Patterns and Complexity in Biological Systems: A Study of Sequence Structure and Ontology-based Networks

Thumbnail Image


Publication or External Link






Biological information can be explored at many different levels, with the most basic information encoded in patterns within the DNA sequence. Through molecular level processes, these patterns are capable of controlling the states of genes, resulting in a complex network of interactions between genes. Key features of biological systems can be determined by evaluating properties of this gene regulatory network. More specifically, a network-based approach helps us to understand how the collective behavior of genes corresponds to patterns in genetic function.

We combine Chromatin-Immunoprecipitation microarray (ChIP-chip) data with genomic sequence data to determine how DNA sequence works to recruit various proteins. We quantify this information using a value termed "nmer-association.'' "Nmer-association'' measures how strongly individual DNA sequences are associated with a protein in a given ChIP-chip experiment. We also develop the "split-motif'' algorithm to study the underlying structural properties of DNA sequence independent of wet-lab data. The "split-motif'' algorithm finds pairs of DNA motifs which preferentially localize relative to one another. These pairs are primarily composed of known transcription factor binding sites and their co-occurrence is indicative of higher-order structure. This kind of structure has largely been missed in standard motif-finding algorithms despite emerging evidence of the importance of complex regulation.

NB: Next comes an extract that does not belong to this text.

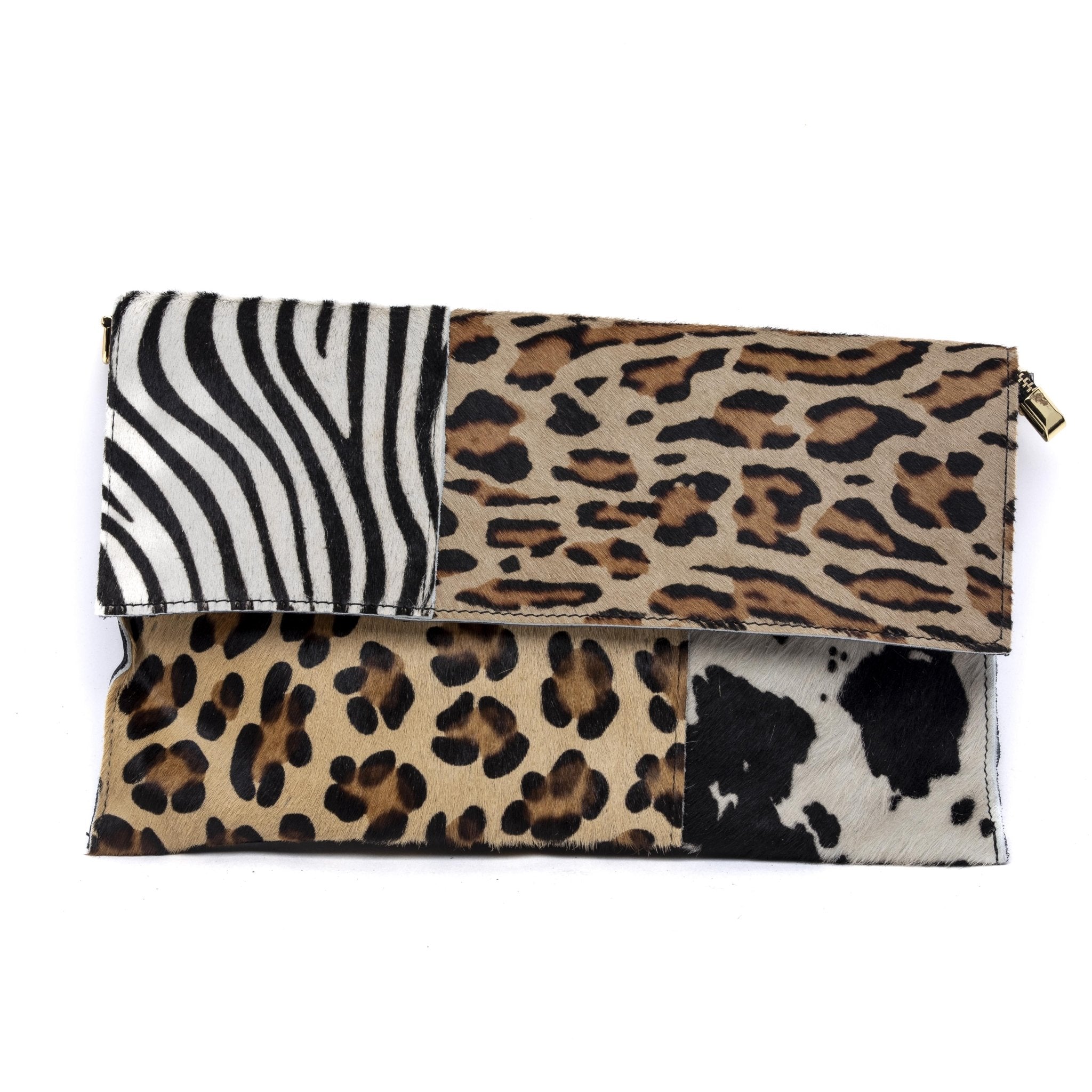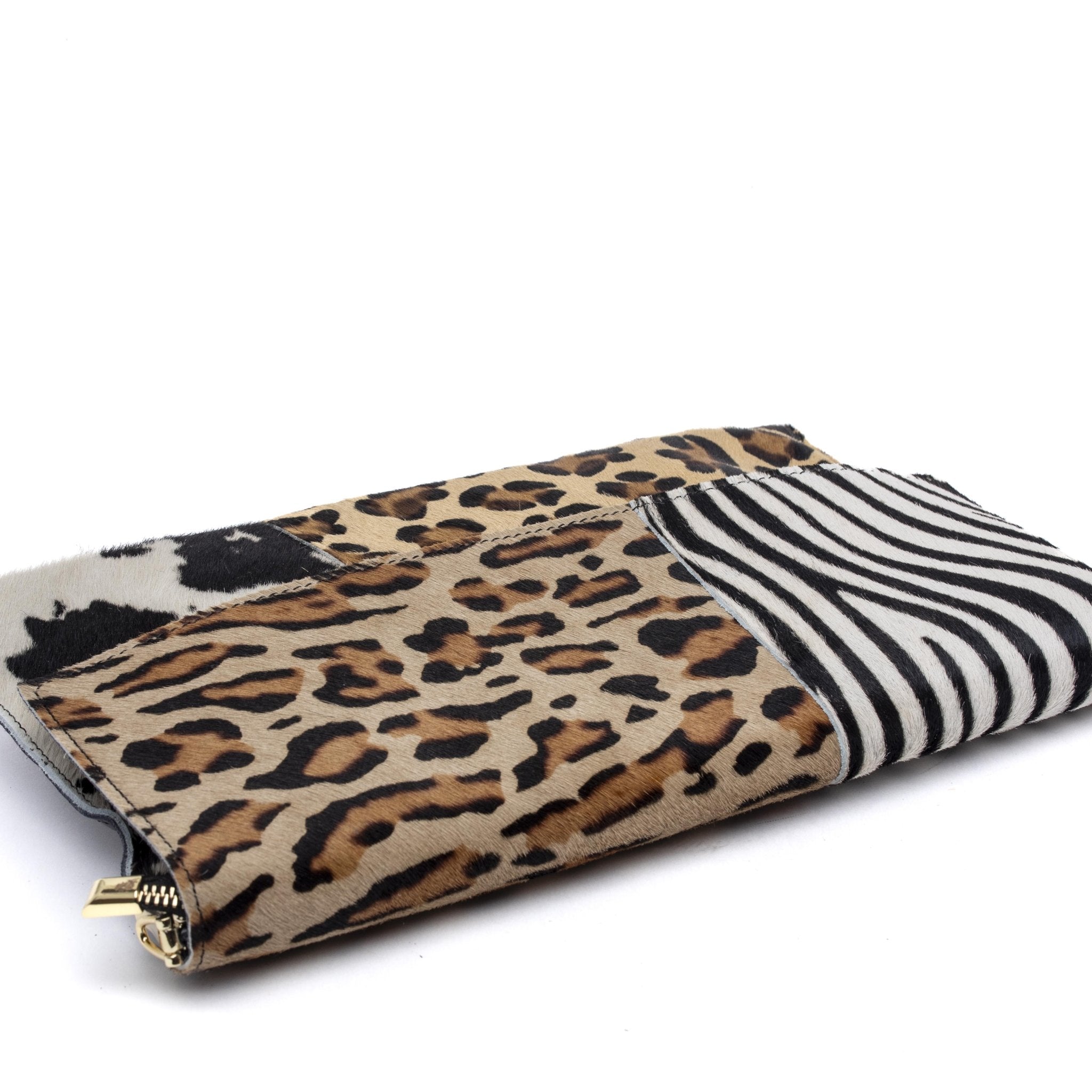 Da ritagli di pelle di cavallino i maestri artigiani fiorentino hanno ricavato un capolavoro di borsa. Utilizzando cavallino con stampe maculate zebrate e muccate cucite quasi a caso il risultato è una borsa mai uguale a se stessa, Non ne esistono infatti due pezzi uguali. Chiusura con cerniera e tracolla lunga in dotazione.
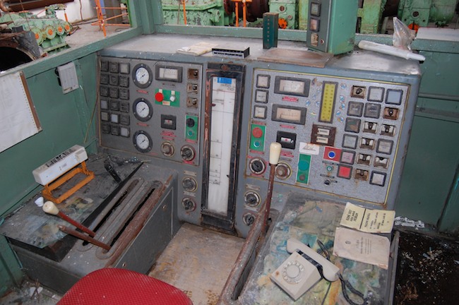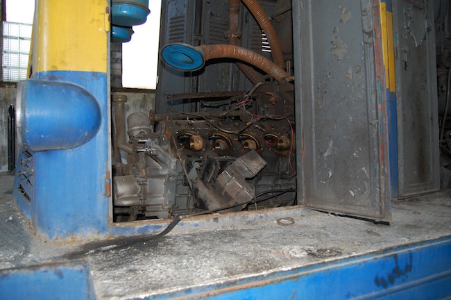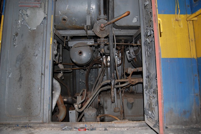 ![]() Nicht nur die Motoren und die elektrischen Einrichtungen fehlen sondern sogar die Zylinderköpfe samt Büchsen und Kolben wurden ausgebaut. |

In both simple and complex regulation, two genes that are connected in a regulatory fashion are likely to have shared functions. The Gene Ontology (GO) provides biologists with a controlled terminology with which to describe how genes are associated with function and how those functional terms are related to each other. We introduce a method for processing functional information in GO to produce a gene network. We find that the edges in this network are correlated with known regulatory interactions and that the strength of the functional relationship between two genes can be used as an indicator of how informationally important that link is in the regulatory network. We also investigate the network structure of gene-term annotations found in GO and use these associations to establish an alternate natural way to group the functional terms. These groups of terms are drastically different from the hierarchical structure established by the Gene Ontology and provide an alternative framework with which to describe and predict the functions of experimentally identified groups of genes.